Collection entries
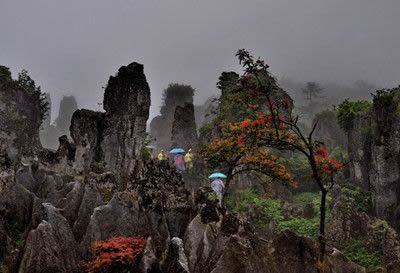 華鎣山的石柱雄壯秀拔,石生樹、樹纏石等自然景觀隨處可見,旅游區(qū)內(nèi)的植被更是枝葉繁茂、郁郁蔥蔥。經(jīng)初步估算旅游區(qū)內(nèi)的植被種類竟達(dá)304種之多。珍稀的香果樹、穗花杉等多種國家一、二級的保護植物似珍珠般的散落于旅游區(qū)。山下以松樹、杉樹為主;山上以藤蔓、稀有樹種為主;茂密的白夾竹、茨竹、方竹、灌木、喬木漫山遍野,掩映于奇特的石林之中,植被覆蓋率達(dá)95%以上的旅游區(qū)格外耀眼壯觀。而個別的罕見的植物植物學(xué)家們至今難以對它命名,從而更增加華鎣山神秘的色彩。
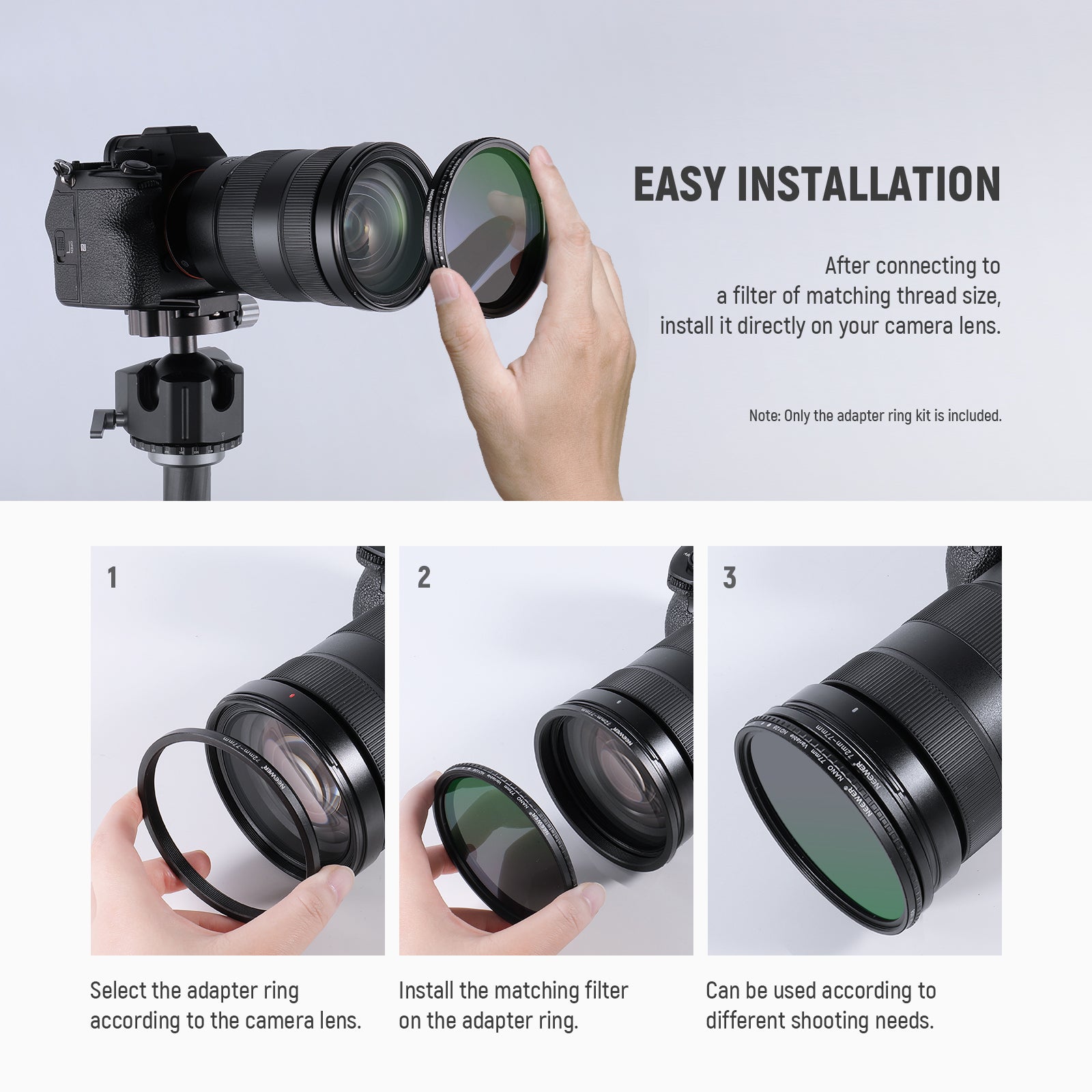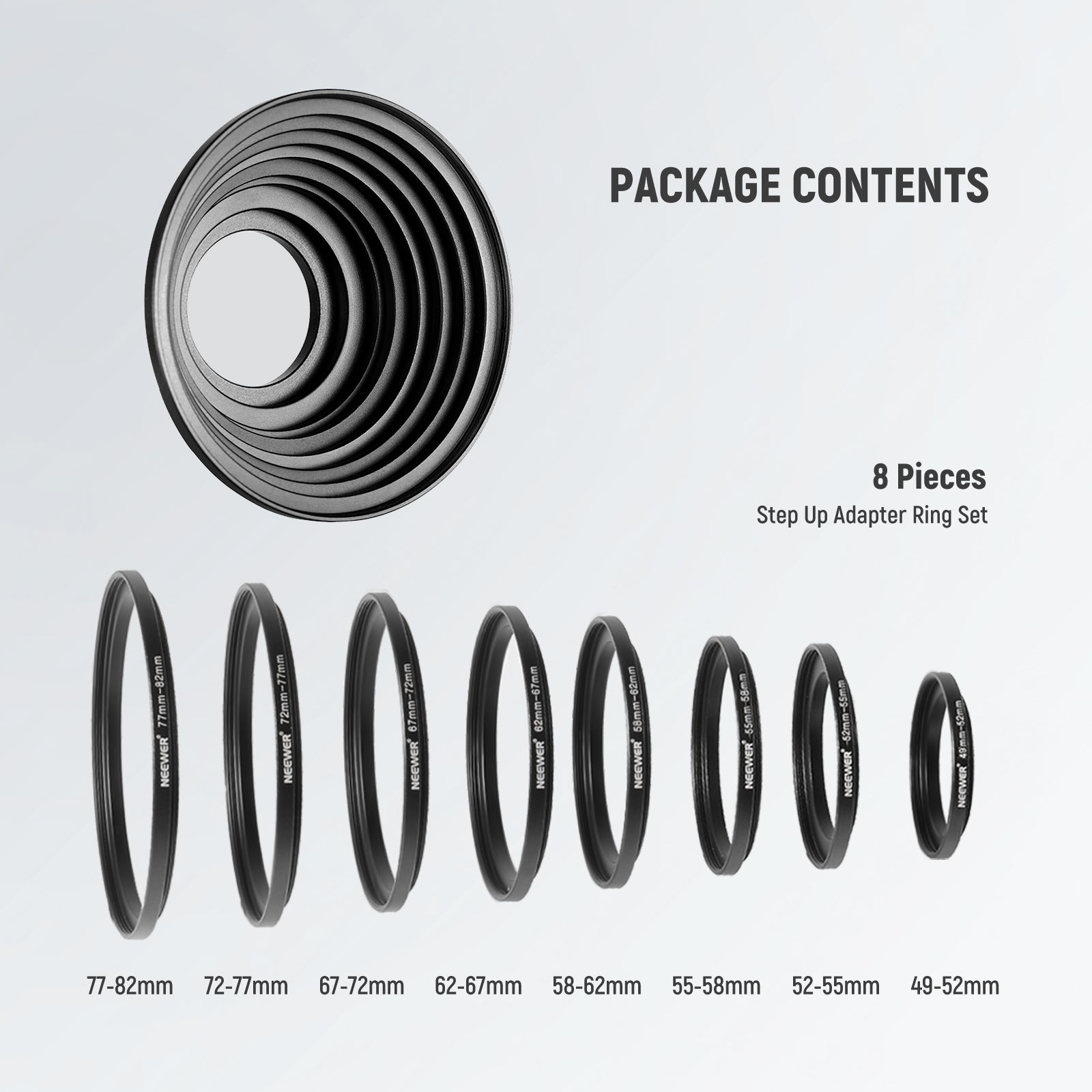 NEEWER offers step-up rings and step-down ring adapters, allowing lenses to be compatible with various filters and accessories of different sizes. These stepping rings are crafted from premium-grade aluminum with precision manufacturing to ensure smooth and secure mounting. They are extremely durable yet lightweight, featuring a polished, anodized matte surface for a sleek and professional finish.
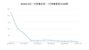 2021年12月,Model X销量为1辆,同比下降99.94%,1-12月份,Model X销量为462辆,同比下降92.74%。
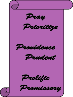 Alliteration works for me if I capitalize on someone else’s idea, or the words evolve from an organic depth of my soul. If I need to hurt my brain thinking about it, alliteration doesn’t work for me.These “Pr-” words were jotted in an idea file, but I failed to list the original source. I apologize. As I read down the list, my mind applied the words to writing.The first two, pray and prioritize, don’t need elaboration. They ought to come intrinsically, and apply to tasks other than writing.
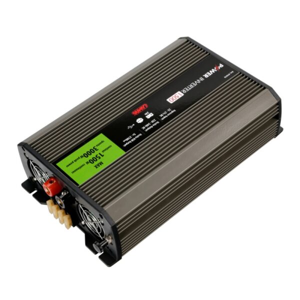 Consumo máximo 1500W continuo / 3000W de pico. Transformador de corriente de 24V a 220 V. Permite conectar aparatos alimentados a 220 V a cualquier fuente de energía de 24V. Estructura de aleación de aluminio. Protección contra cortocircuitos. Forma onda en salida: sinusoidal modificada. Enchufe doble tipo Schuko 3 orificios

- [Required work]
Nothing in the records should be changed in the copy, but the pictures must be left out.

- [Solution for this exercise]
 華鎣山的石柱雄壯秀拔,石生樹、樹纏石等自然景觀隨處可見,旅游區(qū)內(nèi)的植被更是枝葉繁茂、郁郁蔥蔥。經(jīng)初步估算旅游區(qū)內(nèi)的植被種類竟達(dá)304種之多。珍稀的香果樹、穗花杉等多種國家一、二級的保護植物似珍珠般的散落于旅游區(qū)。山下以松樹、杉樹為主;山上以藤蔓、稀有樹種為主;茂密的白夾竹、茨竹、方竹、灌木、喬木漫山遍野,掩映于奇特的石林之中,植被覆蓋率達(dá)95%以上的旅游區(qū)格外耀眼壯觀。而個別的罕見的植物植物學(xué)家們至今難以對它命名,從而更增加華鎣山神秘的色彩。
 NEEWER offers step-up rings and step-down ring adapters, allowing lenses to be compatible with various filters and accessories of different sizes. These stepping rings are crafted from premium-grade aluminum with precision manufacturing to ensure smooth and secure mounting. They are extremely durable yet lightweight, featuring a polished, anodized matte surface for a sleek and professional finish.
 2021年12月,Model X销量为1辆,同比下降99.94%,1-12月份,Model X销量为462辆,同比下降92.74%。
 Alliteration works for me if I capitalize on someone else’s idea, or the words evolve from an organic depth of my soul. If I need to hurt my brain thinking about it, alliteration doesn’t work for me.These “Pr-” words were jotted in an idea file, but I failed to list the original source. I apologize. As I read down the list, my mind applied the words to writing.The first two, pray and prioritize, don’t need elaboration. They ought to come intrinsically, and apply to tasks other than writing.
 Consumo máximo 1500W continuo / 3000W de pico. Transformador de corriente de 24V a 220 V. Permite conectar aparatos alimentados a 220 V a cualquier fuente de energía de 24V. Estructura de aleación de aluminio. Protección contra cortocircuitos. Forma onda en salida: sinusoidal modificada. Enchufe doble tipo Schuko 3 orificios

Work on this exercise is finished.